An attempt by an environmental campaigner to overturn planning permission granted for substantial structural improvements to a watercress farm has failed after the High Court rejected arguments that planners misunderstood and misapplied their powers, creating an opportunity for intensification of commercial activities on the site.

The local authority had granted consent for major changes to the lay-out of the farm as well as for new intake and despatch bays and for the demolition and replacement of an existing workshop. Objections to the proposals were made on environmental grounds, including concerns that the development would lead to pollution of local rivers and increased van and lorry traffic on local roads.

In dismissing a campaigner’s judicial review challenge to the plans, the High Court rejected arguments that a condition attached to the consent was insufficient to prevent intensification of potentially harmful activities on the site. The claimant’s plea that a planning officer had given misleading legal advice to councillors with the result that they misunderstood their role was also rejected. The court emphasised that the officer’s report was ‘not to be construed as if it were a statute.’
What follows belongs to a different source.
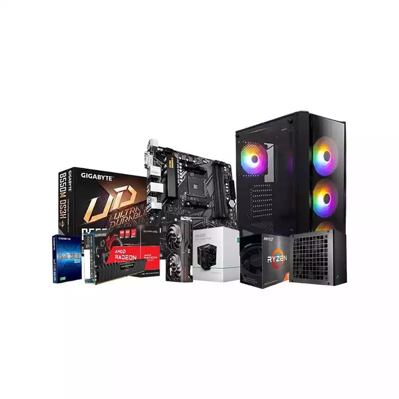 The AMD Ryzen 5 5600 Gigabyte B550M Motherboard 16GB RAM 1TB SSD Gaming Desktop PC with Graphics, a powerhouse designed to elevate your gaming experience to new heights. Powered by the AMD Ryzen 5 5600 processor, boasting 3.5 GHz, 6 cores, and 12 threads, this PC delivers lightning-fast performance for seamless gameplay. Paired with the Gigabyte B550M DS3H AMD Motherboard, you can expect exceptional stability and reliability. Immerse yourself in stunning visuals with the Sapphire PULSE AMD Radeon RX 6600 8GB Gaming Graphics Card, ensuring smooth rendering of even the most demanding games. Keeping your system cool under pressure is the Deepcool AK4DD Zero Dark CPU Cooler, while the Corsair Vengeance LPX DDR4 RAM (16GB total) ensures smooth multitasking and lightning-fast response times. Store all your games and files on the lightning-fast GIGABYTE Gen3 2500E NVMe1.3 1TB SSD. With the Deepcool PK500D 500W 80 Plus Bronze Certified Power Supply providing reliable power, and the 1stPlayer V4/V4-G Fire Dancing ATX Case adding a touch of style, this gaming desktop PC is the ultimate choice for gamers seeking uncompromising performance and aesthetics. Elevate your gaming experience today with this powerhouse desktop PC.Secure your AMD RYZEN 5 5600 GIGABYTE B550M Motherboard 16GB RAM 1 TB SSD Gaming Desktop PC with Graphics from Tech Land BD today.

The campaigner had argued that the council failed to consider all the potential effects of the development, including indirect and cumulative impacts, as required by the Town and Country Planning (EIA) Regulations 1999. However, the court concluded that the council had been entitled to rely on an environment statement produced by the developer as well as its repeated assertions that the development would not lead to any increase in production or in any adverse environmental effects.

The developer had conceded that the change of the site’s use to a mixed agricultural and industrial use, with the industrial element predominant, would have required a full environmental impact assessment. However, the court ruled that, as that change of use had taken place no later than the year 2000, it was immune from enforcement action by operation of section 171B of the Town and Country Planning Act 1990.